As an employer, if you are experiencing above average absenteeism, it may be time to do an assessment of your workplace to see if some of the causes can be mitigated and addressed.

Employers need to be proactive in their approach and put strategies in place that focus on prevention and early identification of those at risk. This allows employers to better support employees who may be dealing with issues at the root of casual absences and hopefully address these issues before they lead to excessive absenteeism or a long term disability claim.

The first step in managing absenteeism is to have a clear policy and procedure that outlines exactly what the expectations and reporting procedures are, including when a doctor’s note may be required. Ensure this policy is communicated to all employees, including managers and supervisors. Implement the policy fairly and consistently across the organization; and clearly identify the consequences for non-compliance.

Implement a good system for tracking and recording absences. If you don’t track it, it is difficult to address the problem.

Keep accurate records and documentation. Thorough record keeping practices become critical in situations involving employee relations issues and legal proceeding, for example if a wrongful dismissal or discrimination claim is made. This includes putting the proper precautions in place to ensure confidentiality and privacy.

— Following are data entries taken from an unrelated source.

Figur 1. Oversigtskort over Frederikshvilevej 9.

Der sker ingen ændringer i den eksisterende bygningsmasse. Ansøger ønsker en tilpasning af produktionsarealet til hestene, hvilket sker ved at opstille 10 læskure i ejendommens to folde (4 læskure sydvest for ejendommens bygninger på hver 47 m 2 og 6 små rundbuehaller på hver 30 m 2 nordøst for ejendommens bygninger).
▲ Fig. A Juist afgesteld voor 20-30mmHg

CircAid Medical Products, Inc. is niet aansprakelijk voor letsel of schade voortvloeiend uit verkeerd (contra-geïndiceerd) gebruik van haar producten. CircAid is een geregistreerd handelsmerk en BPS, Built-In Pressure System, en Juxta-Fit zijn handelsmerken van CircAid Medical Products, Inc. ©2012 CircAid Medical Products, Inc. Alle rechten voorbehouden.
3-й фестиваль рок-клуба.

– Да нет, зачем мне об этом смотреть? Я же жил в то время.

One of the most important things an organization can do is to properly train your front-line managers and supervisors on these protocols, as they have the relationship with the employee and are generally the key point of contact. To be effective, Managers need to be trained on what to do and when, what not to do, and what their responsibilities are. Managers also need to know that it’s not just about a policy or process; there are other factors at play. An attendance issue is not necessarily a performance issue. A manager must be able to look beyond the absenteeism and consider the reason for the absences. Management training can help them guide that discussion with their employees.

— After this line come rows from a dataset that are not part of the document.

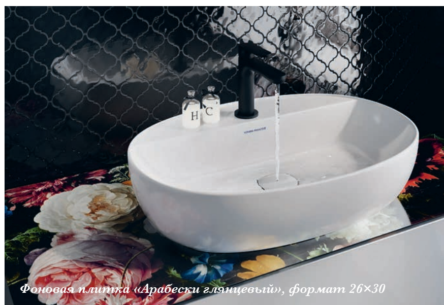
Фоновая плитка «Арабески глянцевый», формат 26×30
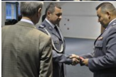
Ślubowanie policjantów 04.01.2018 #30

Zgodnie z obowiązującymi przepisami służbę w policji może pełnić:
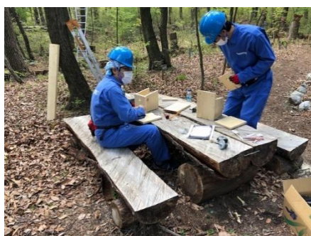
4月20日(水) ・小鳥の巣箱作りと設置

月に1回、サントリー白州工場から里山づくりのボランティアに来てくださっています。4月と5月と7月に開催しました。
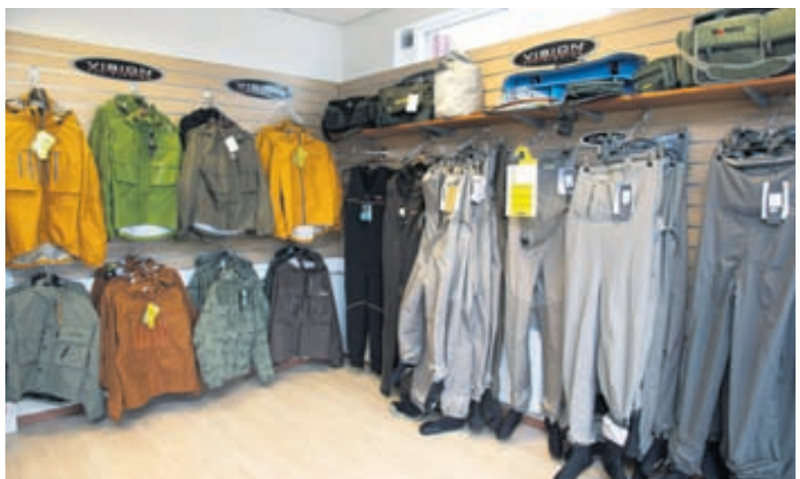
Gott úrval veiðivara fyrir bæði vana veiðimenn og byrjendur.
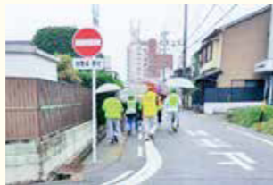
まち歩き(防犯パトロール講習会)
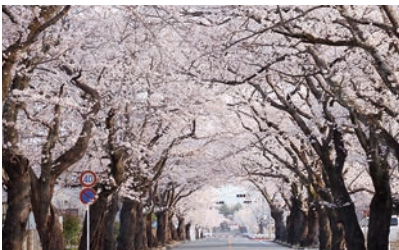
▲2018年4月 桜並木の様子

夜の森地区は、町の木である桜が美しく咲き誇る名所として知られています。4月には桜まつりの開催も予定されており、「桜のトンネル」とも呼ばれる桜並木は見る者を魅了します。
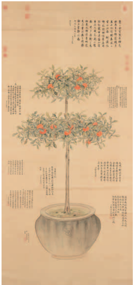
圖七 清 余省 仿御筆盆橘圖 國立故宮博物院藏
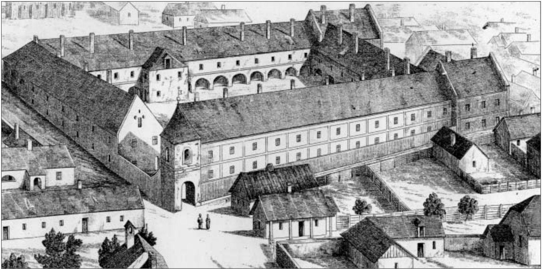
Il collegi reformà a Debrecen en il 18avel tschientaner.
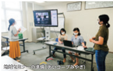
地域セミナーの準備 (あいコープみやぎ)
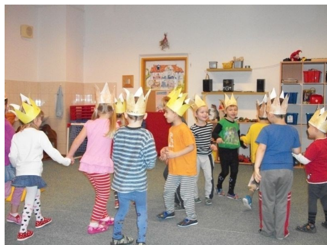
Dramatizace dětí – Tři králové“
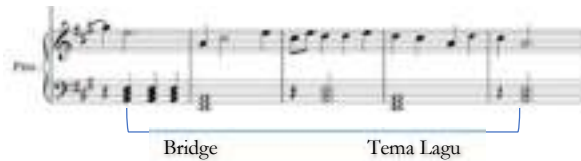
Notasi 9. Birama 38 – 42

Akor yang digunakan masih sama yaitu EM - AM - EM - AM (V I V I) dan birama terakhir hanya terdapat dua nada yaitu nada D dan A yang dibunyikan bersamaan. (Anglade et al., 2009)

Furthermore, if the employee’s absences are related to an illness or disability, the employer has an obligation under Human Rights law not to discriminate against the employee and to accommodate the employee’s disability, including disability-related absences, up to the point of undue hardship.

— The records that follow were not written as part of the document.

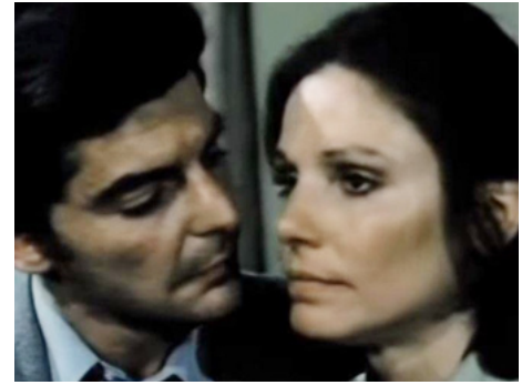
1978 SANS ISSUE (No Room to Run) de Robert Mitchell Lewis avec Richard Benjamin
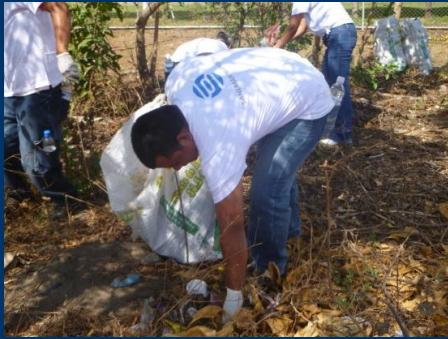
Jornada de Limpieza a lo largo del río Chiquito.
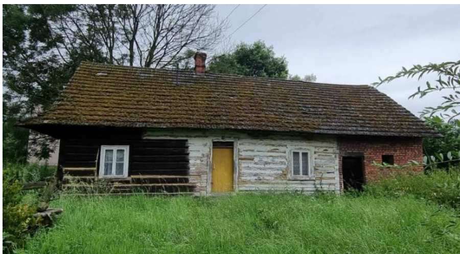
Fotografia 12. Przykład budownictwa drewnianego w miejscowości Zasole.

dwuspadowym, z szalowanymi szczytami. W starszej redakcji występuje bielienie lub oblepianie gliną msze między bekami zrębu. Nowsza redakcja, występująca najliczniej, to niewielki dom o zwartej bryle i dwuizbowym układzie wewnątrz. Część budynków posiada nadal oryginalną stolarkę okienną i drzwiową, a niekiedy także oryginalne belki z inskrypcjami i datami.

Fostering a safe and healthy workplace and culture can also go a long way in helping to reduce absenteeism. Some of the ways organizations are doing this is through offering paid sick days, flextime and/or personal days; offering a flexible working schedule or the ability to work from home; implementing health and wellness programs; applying good hiring practices which address things like punctuality and absenteeism at the interview and/or reference check stage; implementing a strong Health & Safety program; and making the workplace an attractive place to be.